A 37-year-old single male rural worker was referred to our service from another hospital because he did not have the necessary experience for the treatment of the type of lymphogranuloma in which he was admitted 15 days before.
He had not previously been seen or treated in any other medical center.
During the 10 days admitted to the Urology Department, he was initially treated with Metronidazole and Ceftazidime, and after performing the antibiogram with Amikacin, Trimethoprim/ Sulfamethoxa.
Biopsy diagnosis was verifiable carcinoma of the oral cavity.
When we receive it, the penis presents an exophytic tumor of about 15 cm in diameter.
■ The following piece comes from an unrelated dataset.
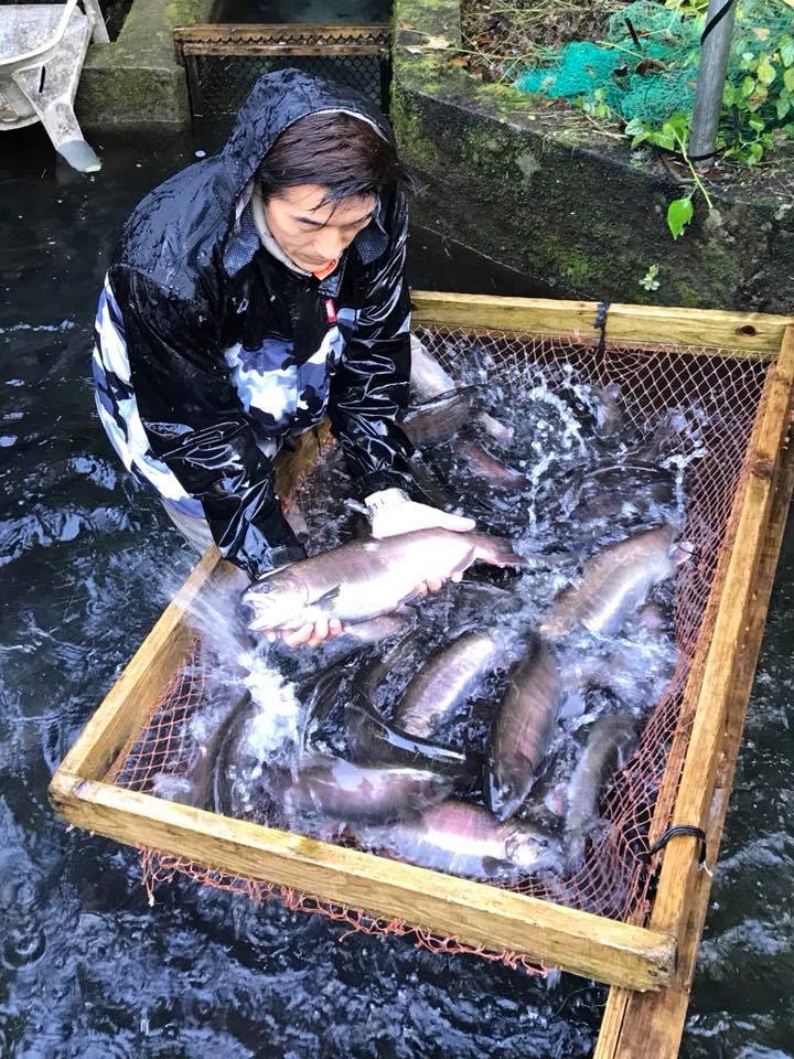 ヤマメ親魚の熟度鑑別 どんなに寒くても、この時期は早朝から池に入って禊のような、ヤマメ親魚の熟度鑑別という作業。 触診で選り分けるので熟練が必要な作業です。 美味しいヤマメづくりのスタートになる作業、もちろん黄金イクラもとれます http://www.syakunage.org/wp-content/uploads/2017/10/23052523_537238543295623_8431086450623119360_n.mp4

The patient reported that she had begun 6 months earlier as a small ulceration in the balanopretial sulcus, which grew progressively in the form of cauliflower and tapering the mucosa.
On the penis, the skin was affected, giving birth, Buck's fascia and albug's; the mucosa was affected; the pub-respectful web was also affected; the glans was refractory;
The limits between the affected tissues and healthy tissues were not well defined; in the affected tissues we found a deformed, soft, fungal, ulcerated, violet-colored mass in the affected tissues, peripheral adenopathy and palpable inguinal tissues.
The patient was passing through a non-visible fistulous orifice located between the mass and the remnants of the urethra.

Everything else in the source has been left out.